Asher’s installation also comes out of previous works involving history, most famously the 1979 project at the Art Institute of Chicago where he repositioned a statue of George Washington from outside into the 18th century display rooms of the museum. In that piece, the displacement of an object from one site to another prompted a reflection on the history of the museum, of American nationalism and of 18th century aesthetics. By contrast to this act of displacement, at Santa Monica, Asher undertook an activity of superimposition and addition. It could be said that all the memories of previous shows were now resuscitated and that the work encouraged mnemonic activity, a sign of its resistance to the surrounding culture’s amnesia and attachment to the ever new. But even though I had not seen them, I felt that Asher’s installation could not have called any previous shows to mind. No single previous discrete floor-plan could be discerned whilst navigating the space. In an annex space, Asher displayed all 38 diagrams that he had worked with, and this only served to underline that once in the installation, it had been completely impossible to hold any single diagram in your mind. What the piece did recall was Siegfried Kracauer’s prescient claim that in an age of mass media “the flood of photos sweeps away the dams of memory”: just so here, a surplus of information prevented mnemonic activity. Even if the past is rigorously researched, it cannot be made present: the work’s pessimistic diagnosis was that mnemonic art is more and more compromised in the current age of constant information.

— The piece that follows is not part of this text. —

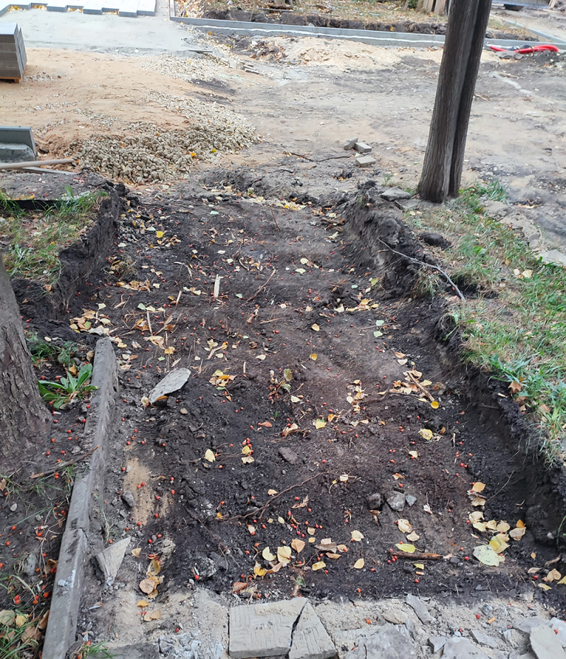 Здесь тоже повредили корни, но большую часть уже убрали.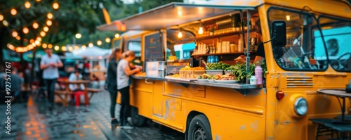Bright yellow food truck at a city festival, ready to serve, surrounded by festive decorations.

Probably as is the case for many other of his admirers, this was the first time I had seen a large installation of Michael Asher’s. I was struck by the characteristic imbalance between the conciseness and economy of the central proposal (to recreate the armatures) and the diversity of its implications and suggestions. Given that my earlier exposure to Asher had largely been textual, I was also surprised by the physical aspect of the piece and that this physical experience could yield so many readings — many of which would have been completely clear to visitors without any exposure to the literature of institutional critique. Re-installing previous display walls seems a simple idea, but the meanings are astonishingly rich and will hopefully reverberate around an art world which luckily still has Asher as a truly radical presence.

Michael Asher, Santa Monica Museum of Art, January 26 – April 12, 2008.